We considered static and rotating black holes in AdS with softly decaying hair. This metric, under the condition (11), is a solution for the GMMG theory. We have obtained the mass, angular momentum and entropy of the black hole. As can be seen the charges in addition to the standard mass parameter (\({\mathcal {M}}\)), also depends on the gravitational hair (b). By using of available left and right central charges and computation the left and right temperatures, we have obtained the left and right entropy for the black hole and checked the first law of thermodynamics.
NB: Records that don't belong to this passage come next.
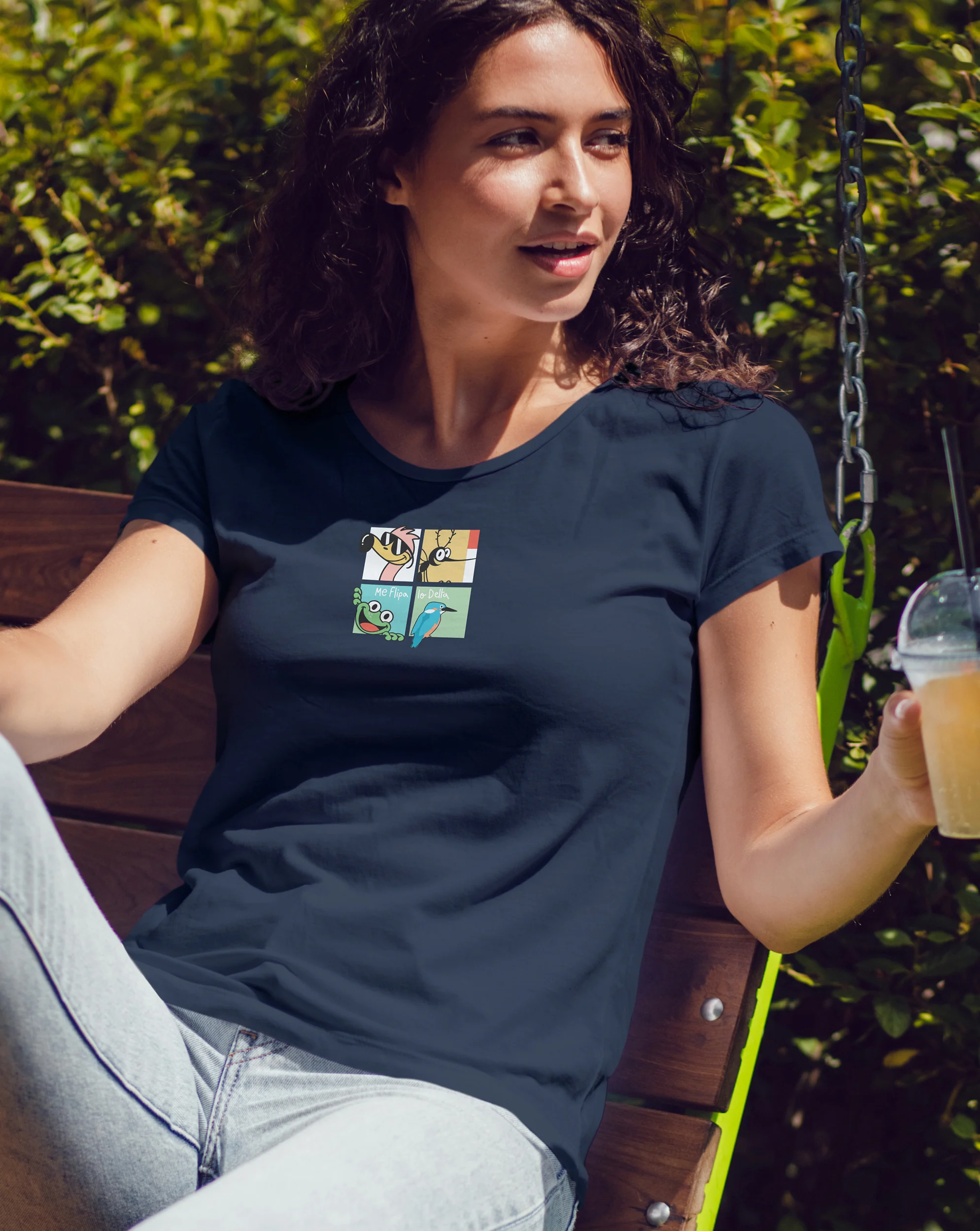 Camiseta manga corta entallada para mujer en azul marino cuello redondo y estampado rana tanga
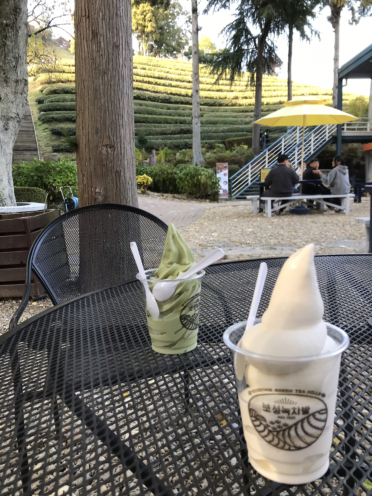 한번 이기면 1칸, 두 번째는 3칸, 세 번째는 5칸, 네 번째는 10칸. 기하급수적으로 늘어나는 걸음 수에 아이의 승부욕이 불타올라 긴 계단을 순식간에 올랐다. 가파른 경사를 따라 둥그런 줄로 펼쳐지는 탁 트인 차밭의 풍경에 감탄이 절로 났다. 여러 번 와서 봐도 질리지 않는 초록이 주는 평화로움과 해방감의 위안이 너그러이 눈앞에 펼쳐져 있었다.
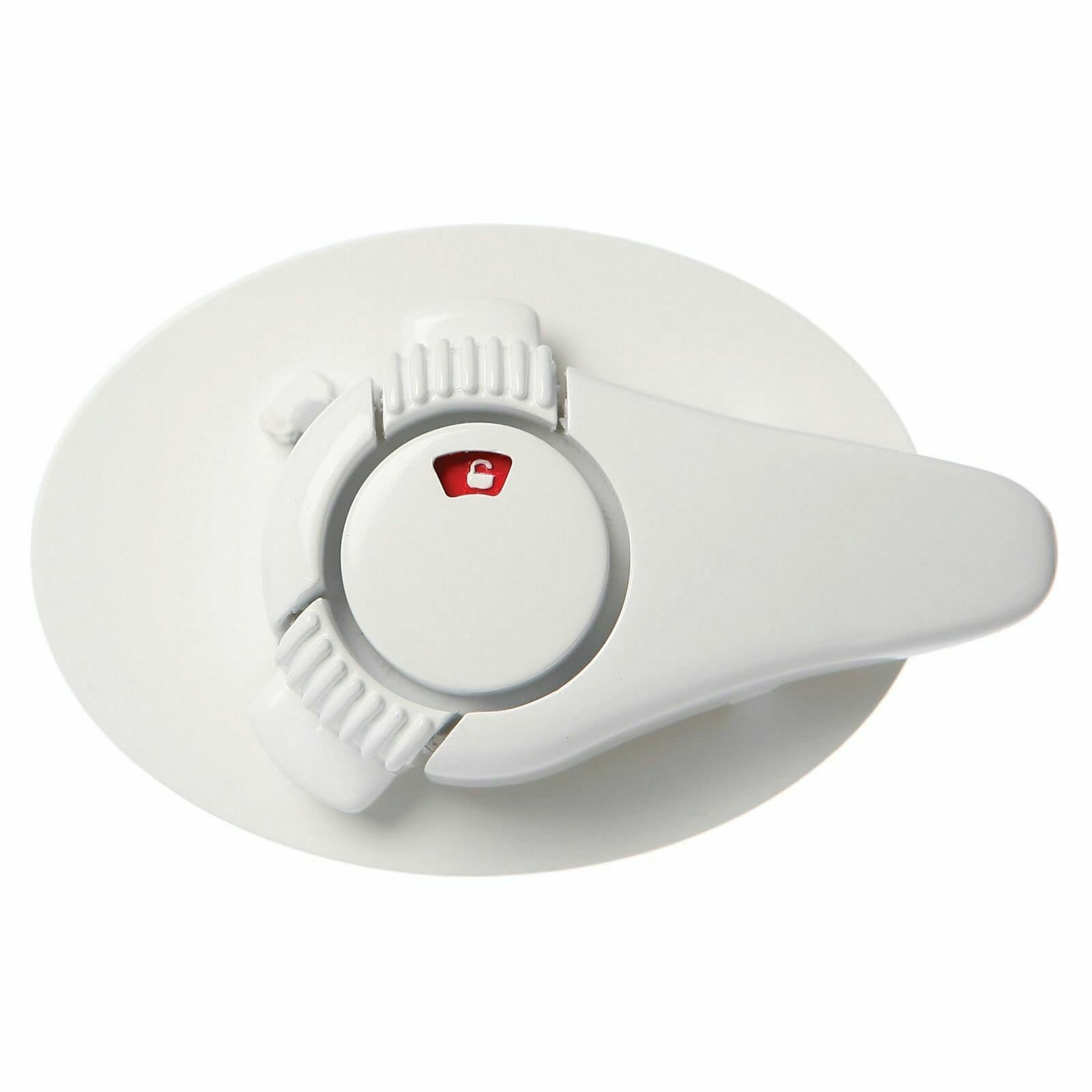 Das Schloss lässt sich einfach an Ihren Haushaltsgeräten anbringen, indem Sie die mitgelieferte hitzebeständige, selbstklebende Rückseite verwenden, mit der der Riegel die Türen mit einem sicheren Verriegelungsmechanismus fest an Ort und Stelle hält. Der Zugang ist einfach, allerdings nur für Erwachsene, indem einfach auf den seitlichen Riegel geklickt und die Stange in die grüne, entriegelte Position gedreht wird.
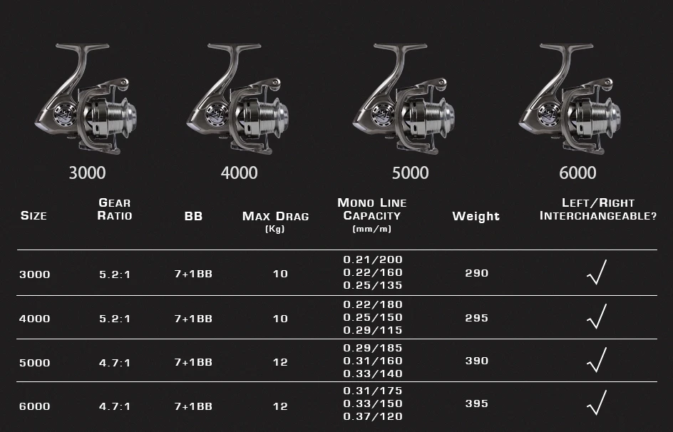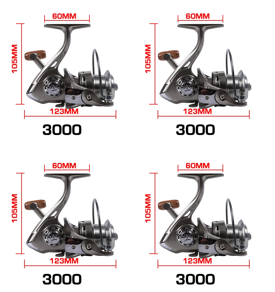 La diferencia de tamaño permite diferentes pruebas de libras y yardas para los carretes. Cuanto mayor sea el número, mayor será la prueba de libras que pueda poner en el carrete.
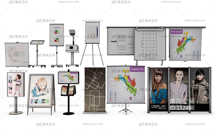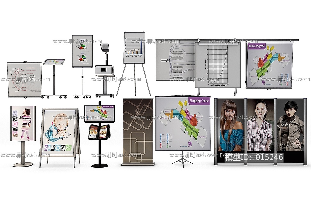 Z04-1218现代广告架资料架投影幕会议白板 3d模型下载 [模型ID:15246]

We have obtained the asymptotic symmetries of the solution by considering AdS boundary condition (21). As can be seen in addition to local conformal symmetry, there is an extra symmetry which corresponds to the vanishing Noether charges and, therefore, turn out to be pure gauge. Then, by going to the Gaussian null coordinates, we looked at the near horizon symmetries. The near horizon Killing vectors are given by Eq. (36) and in Fourier modes obey the algebra (46). We have obtained the algebra of the conserved charges in Fourier modes. We have seen that the zero mode of \({\mathcal {T}}_{n}\) and \({\mathcal {Y}}_{n}\) reproduct entropy and angular momentum of black hole. Finally, we have applied the same analyses to the rotating black hole.